Petrus (penembak misterius) yang dimunculkan pada tahun 80-an dinilai berhasil menurunkan dengan drastis tingkat kriminal yang waktu itu sudah sangat meresahkan masyarakat. Saya tidak tahu persis siapa-siapa Petrus itu atau dari satuan khusus apa yang telah dipilih, dibentuk dan ditugaskan untuk terjun ke dalam masyarakat untuk mencari dan membereskan pelaku-pelaku kriminal yang telah terdaftar sebagai penganggu keamanan dan ketentraman masyarakat.
Jelasnya para petrus itu melaksanakan tugas dalam metoda yang sama: seperti menciduk, membawa pelaku kriminal ke tempat terpencil, mengikat kedua ibu jari tangannya di belakang, menghabisi dengan menembak kepala pada bagian tertentu yang mematikan menurut teori intelijen atau pun angkatan bersenjata. Terakhir adalah memasukkan mayatnya ke dalam karung, dan meletakkan pada tempat yang memungkinkan untuk ditemukan masyarakat.
Sebegitu parah kondisi keamanan di tengah-tengah masyarakat waktu itu, hingga "entah siapa waktu itu" yang merasa perlu merancang dan melaksanakan tindakan yang ekstrim demi mencegah kerusakan masyarakat karena gangguan dan ancaman keamanan yang semakin terang-terangan, yang menciptakan ketakutan masyarakat pada pelaku kriminal yang kebal atau tak perduli dengan hukum yang ada. Tindakan ekstrim tersebut tentu saja menimbulkan pro dan kontra, khususnya berkaitan dengan pelanggaran ham dan khususnya aturan hukum atas ketentuan sikap praduga tak bersalah. Pada masa itu, tindakan ekstrim yang telah diambil ternyata tidak berbuntut panjang hingga dapat menyeret para penentu kebijakan ke meja hijau.
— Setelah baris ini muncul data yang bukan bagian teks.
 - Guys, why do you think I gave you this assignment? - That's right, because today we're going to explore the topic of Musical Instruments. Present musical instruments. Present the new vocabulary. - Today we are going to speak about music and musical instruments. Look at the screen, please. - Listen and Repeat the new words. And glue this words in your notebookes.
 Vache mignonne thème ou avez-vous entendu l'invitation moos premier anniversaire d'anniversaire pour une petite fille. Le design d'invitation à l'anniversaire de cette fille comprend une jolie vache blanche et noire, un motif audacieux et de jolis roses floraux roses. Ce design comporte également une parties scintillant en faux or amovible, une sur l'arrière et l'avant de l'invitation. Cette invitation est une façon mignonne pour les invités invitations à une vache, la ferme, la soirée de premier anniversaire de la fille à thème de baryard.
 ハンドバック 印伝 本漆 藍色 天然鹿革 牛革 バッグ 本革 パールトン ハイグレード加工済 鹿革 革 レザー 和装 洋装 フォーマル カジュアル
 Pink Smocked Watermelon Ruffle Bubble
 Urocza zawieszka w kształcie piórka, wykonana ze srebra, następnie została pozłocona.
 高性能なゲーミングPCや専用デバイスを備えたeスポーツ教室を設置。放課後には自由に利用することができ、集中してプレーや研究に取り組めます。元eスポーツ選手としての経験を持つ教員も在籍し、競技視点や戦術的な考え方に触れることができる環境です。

Kebijakan berjalan, dan justru menimbulkan tendangan balik pada pelaku kriminal, sehingga pelaku dan bahkan mereka yang merasa tercirikan sebagai pelaku kriminal menjadi merasa takut, menghentikan prilakunya, dan menjadi jinak dihadapan masyarakat. Lalu semuanya reda sebagaimana target solusi yang diharapkan.
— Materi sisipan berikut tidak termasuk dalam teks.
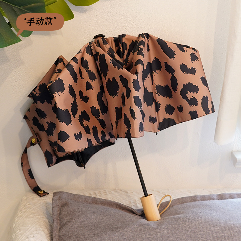 레오파드 프린트 완전 자동 우산 프랑스 복고풍 태양 우산 태양 보호 자외선 차단 맑고 비 이중 목적 접는 우산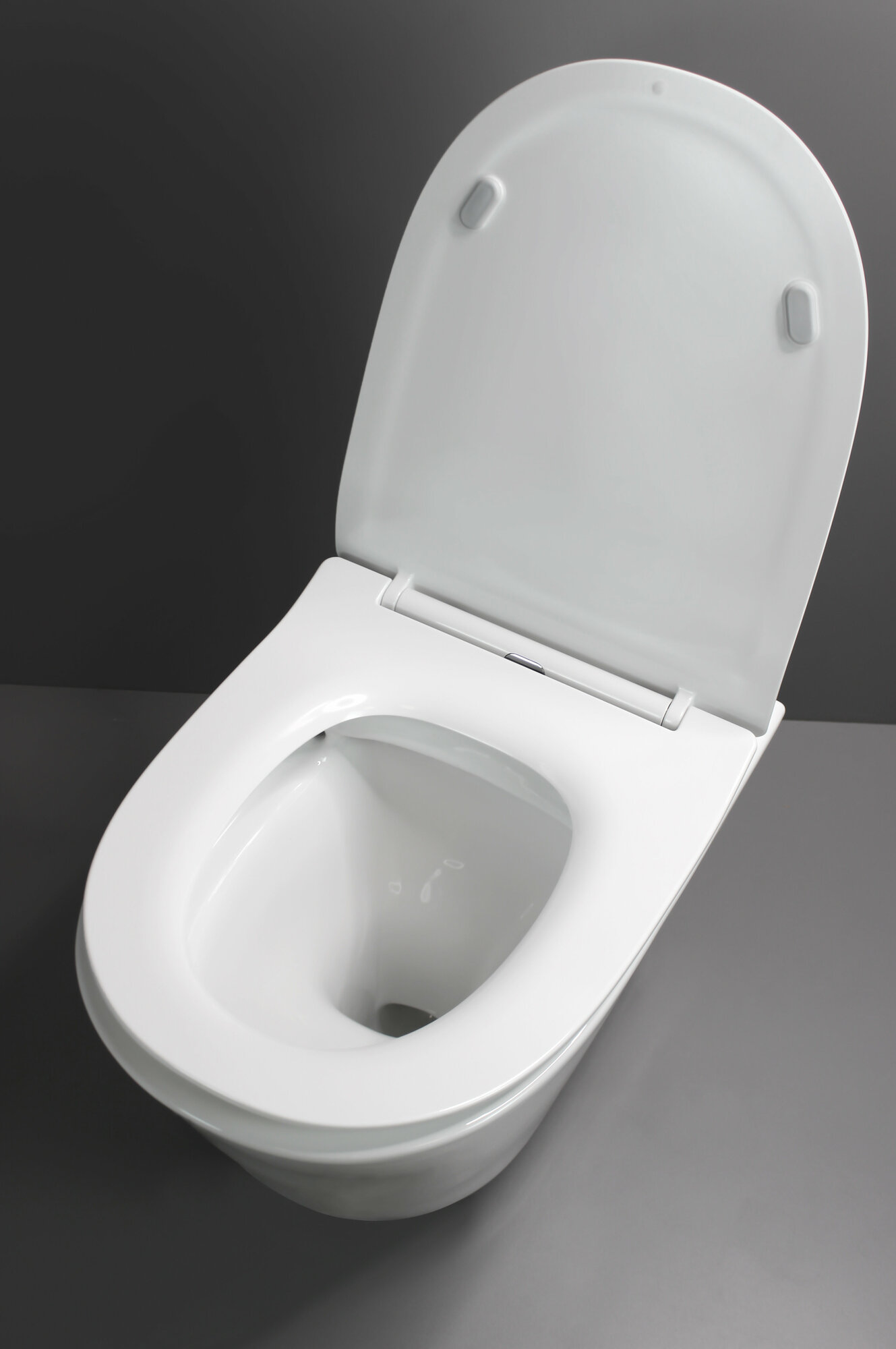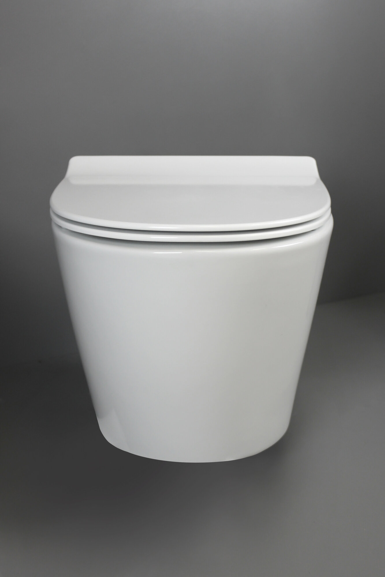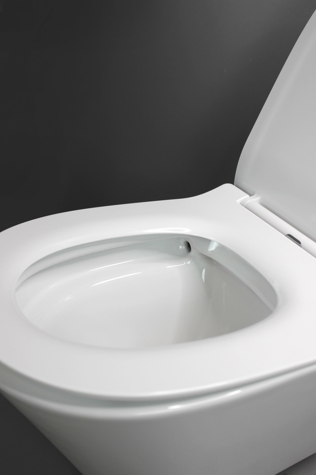 Подвесной керамический безободковый унитаз с горизонтальным сливом. Дюропластовое быстросъемное тонкое сидение с функцией soft-close. Крепление в комплекте. Сантехнический фарфор. Покрытие Double Glaze, придающее исключительную гладкость и обеспечивающее гигиеничность на долгое время. Универсальный дизайн как для классического, так и современного дизайна ванной комнаты.

Kecemasan, keresahan, kejenuhan dan kemuakkan yang ditimbukan oleh pelaku-pelaku kriminal pada masyarakat di tahun 80-an sama persis sebagaimana yang ditunjukkan oleh para koruptor di tahun-tahun terakhir ini. Sikap koruptor yang terang-terangan membela diri dalam kebohongan, didukung oleh kepiawaian pengacara yang dibayar mahal, mampu mempengaruhi proses penyidikan hingga terkesan lamban. Lambannya penyidikan jelas menimbullkan kesan menyediakan waktu untuk berbenah, memungkinkan tawar-menawar pasal-pasal yang lebih ringan, dan memungkinkan menyaring bukti-bukti yang sudah tidak terelakkan lagi, semua itu adalah kondisi-kondisi yang secara jelas terbacakan oleh masyarakat dan entah sengaja atau tidak telah dijadikan skenario standar para pelaku hukum. Kemudian akhirnya, setiap penanganan kasus ke kasus berikutnya menjadi tampak jelas bahwa semua itu hanya pengulangan dari skenario standar saja.
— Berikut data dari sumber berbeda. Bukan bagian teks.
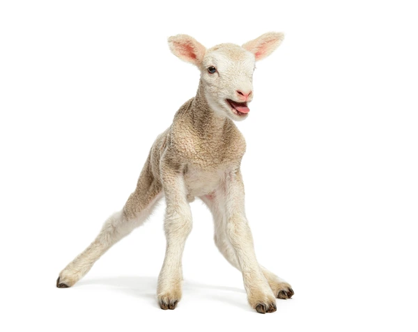 Lambs can stand and walk within minutes of being born. They begin grazing at four to five months and are considered mature around one year old.

Kejahatan korupsi tengah menuju puncak dan terus bergerak secara ekponensial. Melihat tingkat kecemasan, keresahan, kejenuhan dan kemuakkan masyarakat atas kejahatan dan penanganannya, maka "siapakah" yang merasa perlu merancang dan melaksanakan tindakan yang ekstrim pada pelaku dan penyerta kejahatan korupsi ini demi mencegah kerusakan masyarakat lebih lanjut karena gangguan dan ancaman budaya korup sudah semakin terang-terangan. Kejahatan itu telah menimbulkan kemuakkan masyarakat pada pelaku korupsi yang kebal atau tak perduli dengan hukum yang ada. Jika akhirnya Pekor diadakan, tentu dapat menimbulkan efek takut dan para pelaku dan penyerta korupsi tentu lebih memilih berhenti dari pada mati mengenaskan. Mungkin Pekor menjadi pilihan yang sulit, tetapi ketika semuanya sudah menjadi semakin rumit, pilihan yang sulit justru menjadi tumpuan harapan untuk melepaskan kerumitan.